(Task prompt):
Give back every record exactly, images excluded.

Data extracted from a collection

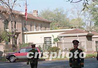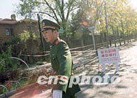 圖文:紐約空難后美國駐華大使館擴(kuò)大警戒范圍 2001年11月13日 15:37 ![]() 北京警方13日在美國駐中國大使館前增加警力并擴(kuò)大了警戒范圍,幾條通往使館門前的道路都設(shè)置了路障,禁止行人和車輛通行。美國美洲航空公司一架空中客車十二日在紐約墜毀,是否與恐怖主義襲擊有關(guān)仍有待進(jìn)一步調(diào)查。中新社圖 武仲林 攝 ![]() 美國墜機(jī)事件后,中國軍方十三日對(duì)位于北京建國門外的美國使館區(qū)加強(qiáng)安保工作!熬乓灰弧焙笠恢睂(shí)行戒嚴(yán)的美使館區(qū)內(nèi)秩序安定。中新社圖 劉殊瑾 攝
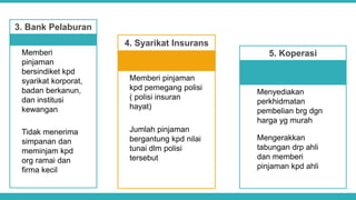 Ia membiayai secara eksklusif dengan dana yang. A short summary of this paper. Koperasi Menyediakan perkhidmatan pembelian brg dgn harga yg murah Mengerakkan tabungan drp ahli dan memberi pinjaman kpd ahli 4.
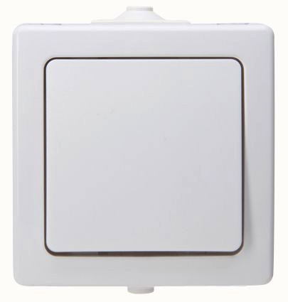 Aufputz-Feuchtraum Universalschalter (Aus-/Wechsel) im Design NAUTIC und der Farbe arktisweiß mit einer Bemessungsspannung von 250V~ sowie einem Schaltvermögen von 10AX. Schutzart IP44
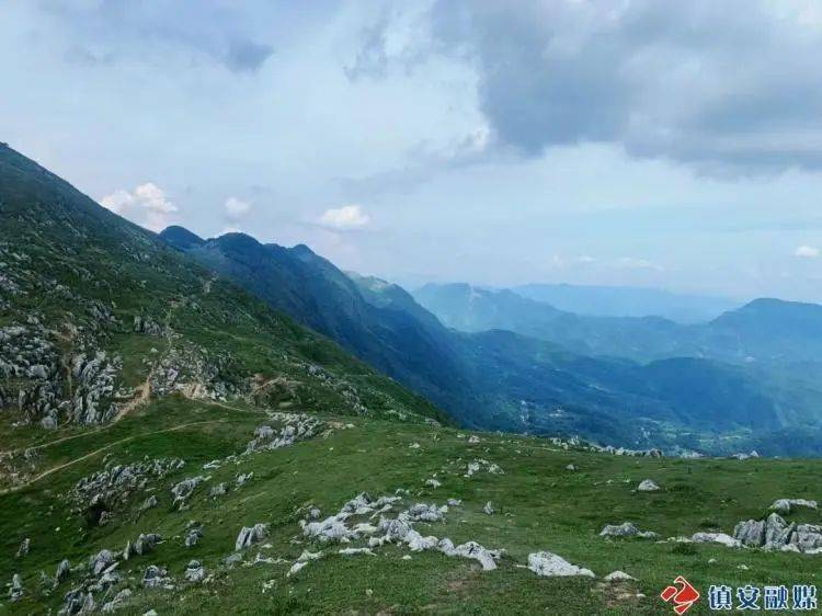 好景还在后头呢。向导已经上到对面的山顶上,怕我们迷路,不停地喊一声。登上山顶才发现,北阳山上无树无花,整个山形类似高原景象,心里顿生怀疑:确定是在镇安而不是在云南石林或者哪个高原?
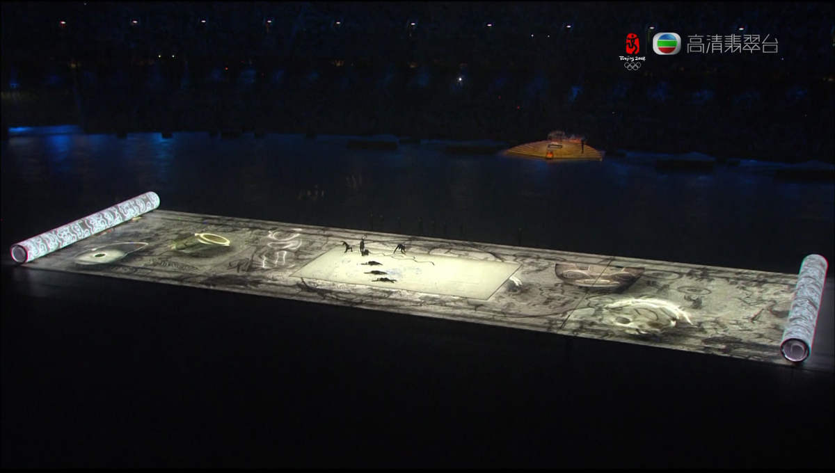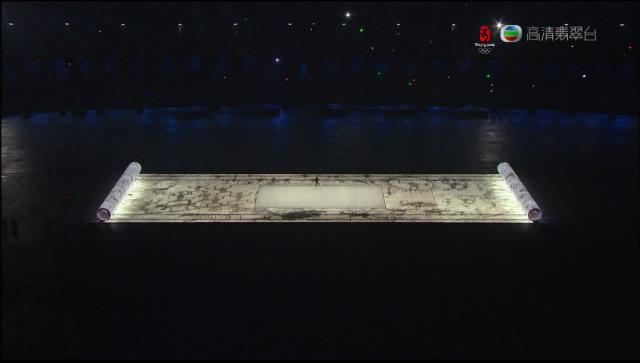 ม้วนกระดาษขนาดใหญ่ปรากฏกลางสนามพร้อมกับคลี่ออกอย่างช้าๆ และฉายภาพเครื่องถ้วยโบราณของจีน ส่วนตรงกลางของม้วนกระดาษเป็นผืนผ้าใบซึ่งมีนักแสดงที่แต่งชุดดำและทาหมึกไว้ทั่วตัวกลิ้งตัวไปมาเป็นรูปท้องฟ้า ภูเขา และดวงอาทิตย์ สื่อให้เห็นถึงการเขียนภาพด้วยหมึกจีน
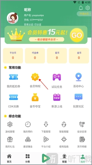2、在个人中心里有很多个功能可以使用,选择常用功能的“会员特权”。
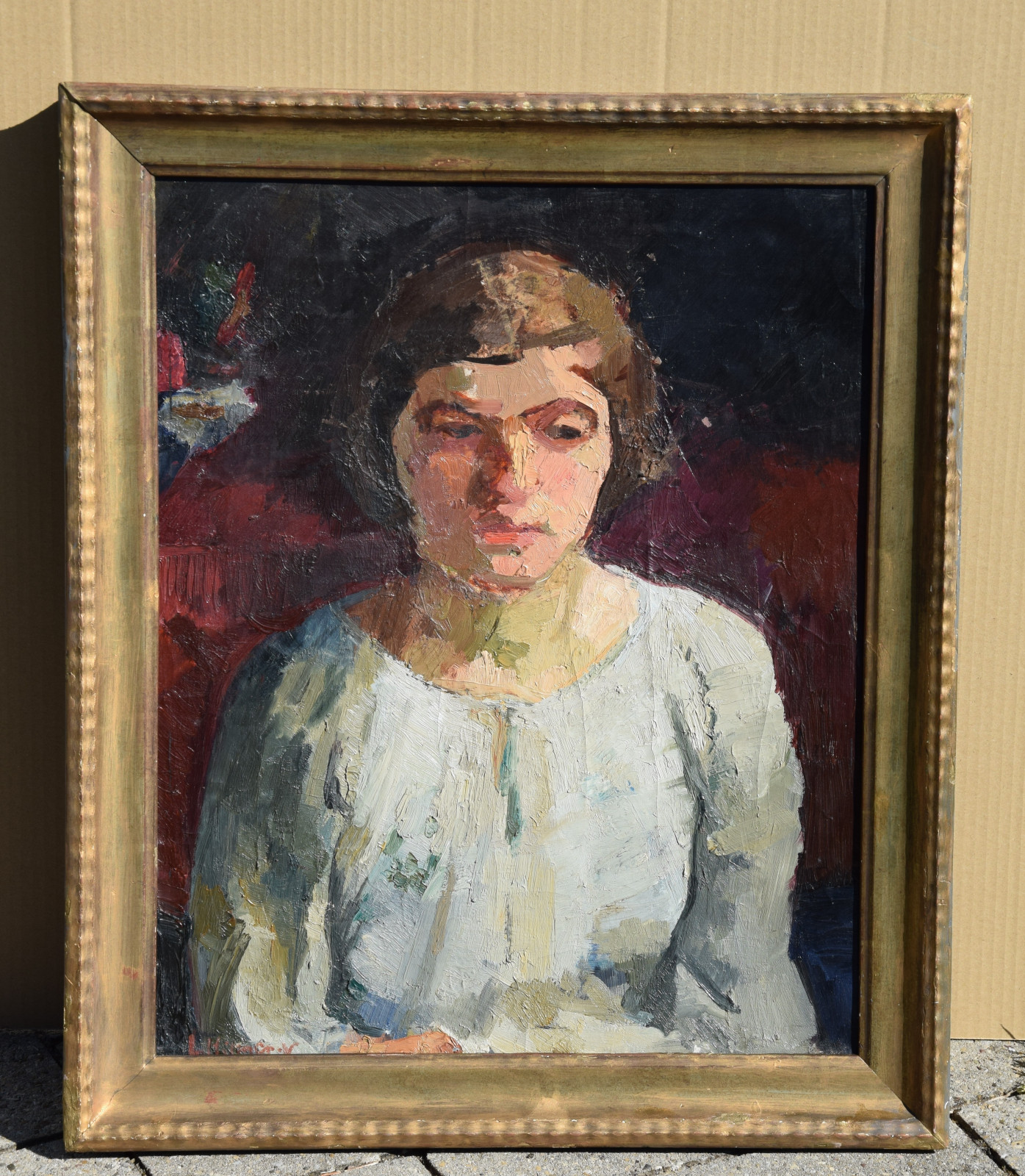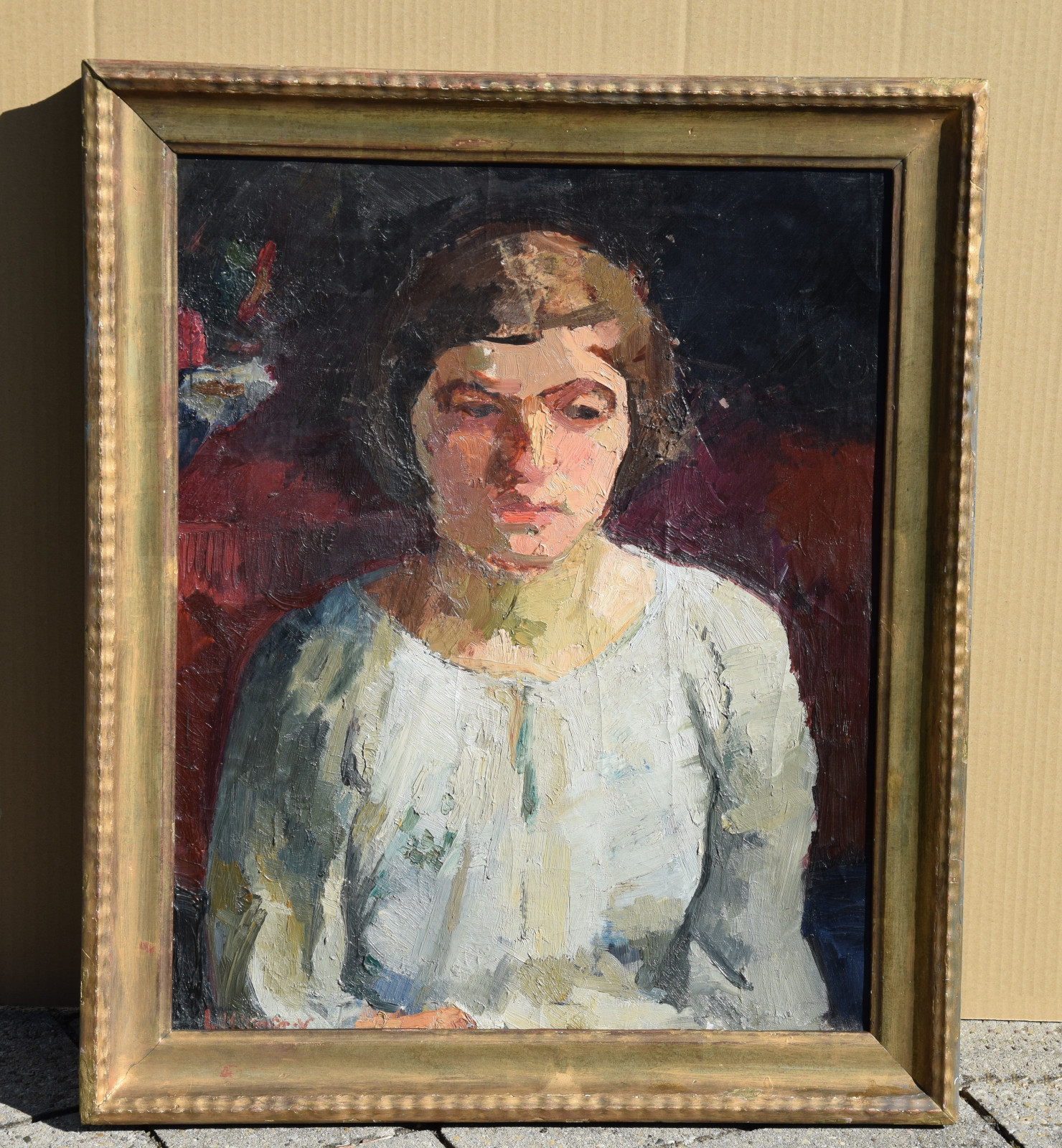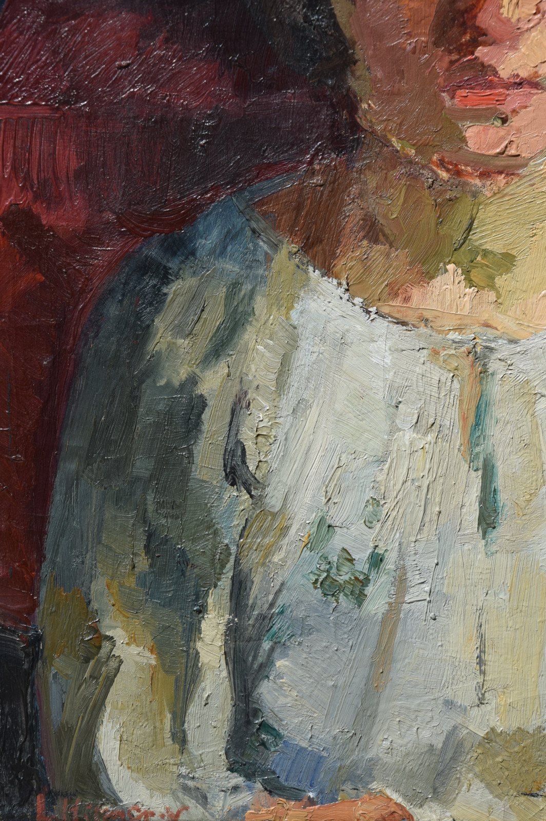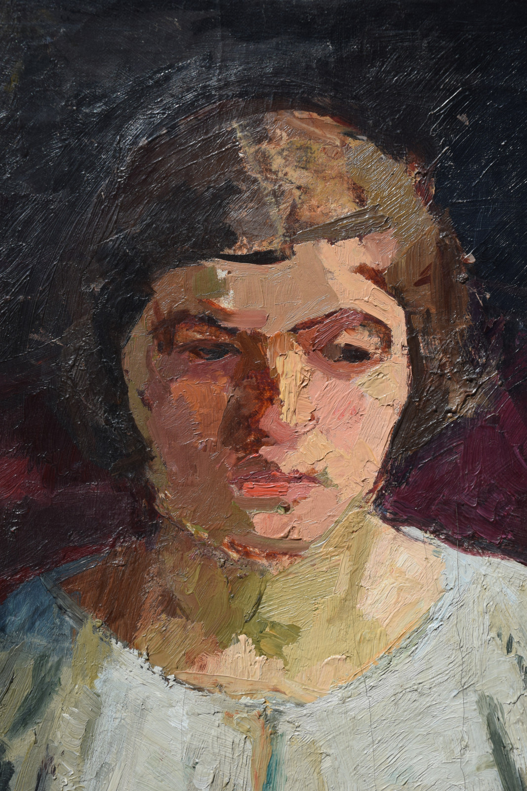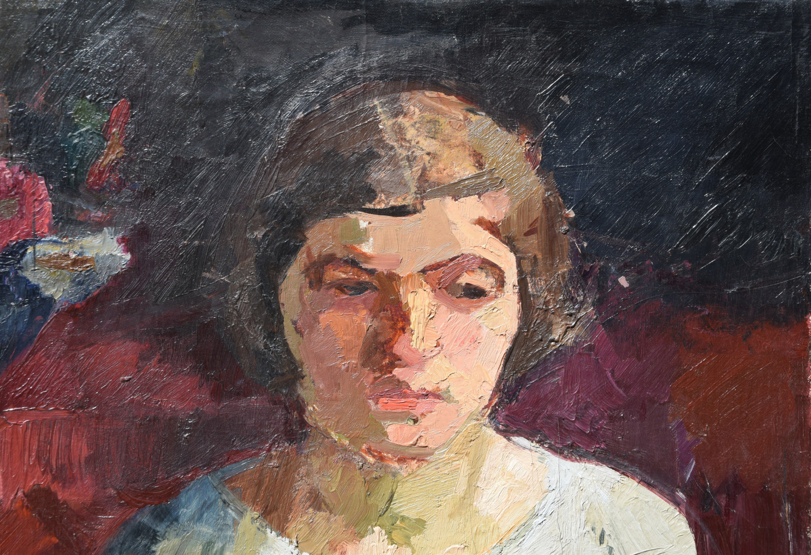 In vornehmlich breiten Pinselstrichen und einem mitunter leicht pastosen Farbauftrag entsteht ein ganz eigentümliches, herbes, aber auch gefühlvolles Bildnis. Während das junge Alter und das helle Kleid eher eine Zartheit vermuten lassen, so sieht Charlotte Hilmer hier vielmehr Ernst und Persönlichkeit. Dementsprechend wirkt der Mund beinahe bewusst verschlossen, ohne jegliches Lächeln. Und es ist gerade das Gesicht, welches einen deutlich hohen Abstraktionsgrad aufweist – die einzelnen Farbflächen überlagern sich mitunter, wirken impulsiv gesetzt. Einzig die markant dunklen Augen und der schmale rote Mund bilden Orientierungspunkte innerhalb dieses tiefgründig traurigen, früh gealterten Gesichtes.

(Reply):
 圖文:紐約空難后美國駐華大使館擴(kuò)大警戒范圍 2001年11月13日 15:37 ![]() 北京警方13日在美國駐中國大使館前增加警力并擴(kuò)大了警戒范圍,幾條通往使館門前的道路都設(shè)置了路障,禁止行人和車輛通行。美國美洲航空公司一架空中客車十二日在紐約墜毀,是否與恐怖主義襲擊有關(guān)仍有待進(jìn)一步調(diào)查。中新社圖 武仲林 攝 ![]() 美國墜機(jī)事件后,中國軍方十三日對(duì)位于北京建國門外的美國使館區(qū)加強(qiáng)安保工作!熬乓灰弧焙笠恢睂(shí)行戒嚴(yán)的美使館區(qū)內(nèi)秩序安定。中新社圖 劉殊瑾 攝
 Ia membiayai secara eksklusif dengan dana yang. A short summary of this paper. Koperasi Menyediakan perkhidmatan pembelian brg dgn harga yg murah Mengerakkan tabungan drp ahli dan memberi pinjaman kpd ahli 4.
 Aufputz-Feuchtraum Universalschalter (Aus-/Wechsel) im Design NAUTIC und der Farbe arktisweiß mit einer Bemessungsspannung von 250V~ sowie einem Schaltvermögen von 10AX. Schutzart IP44
 好景还在后头呢。向导已经上到对面的山顶上,怕我们迷路,不停地喊一声。登上山顶才发现,北阳山上无树无花,整个山形类似高原景象,心里顿生怀疑:确定是在镇安而不是在云南石林或者哪个高原?
 ม้วนกระดาษขนาดใหญ่ปรากฏกลางสนามพร้อมกับคลี่ออกอย่างช้าๆ และฉายภาพเครื่องถ้วยโบราณของจีน ส่วนตรงกลางของม้วนกระดาษเป็นผืนผ้าใบซึ่งมีนักแสดงที่แต่งชุดดำและทาหมึกไว้ทั่วตัวกลิ้งตัวไปมาเป็นรูปท้องฟ้า ภูเขา และดวงอาทิตย์ สื่อให้เห็นถึงการเขียนภาพด้วยหมึกจีน
2、在个人中心里有很多个功能可以使用,选择常用功能的“会员特权”。
 In vornehmlich breiten Pinselstrichen und einem mitunter leicht pastosen Farbauftrag entsteht ein ganz eigentümliches, herbes, aber auch gefühlvolles Bildnis. Während das junge Alter und das helle Kleid eher eine Zartheit vermuten lassen, so sieht Charlotte Hilmer hier vielmehr Ernst und Persönlichkeit. Dementsprechend wirkt der Mund beinahe bewusst verschlossen, ohne jegliches Lächeln. Und es ist gerade das Gesicht, welches einen deutlich hohen Abstraktionsgrad aufweist – die einzelnen Farbflächen überlagern sich mitunter, wirken impulsiv gesetzt. Einzig die markant dunklen Augen und der schmale rote Mund bilden Orientierungspunkte innerhalb dieses tiefgründig traurigen, früh gealterten Gesichtes.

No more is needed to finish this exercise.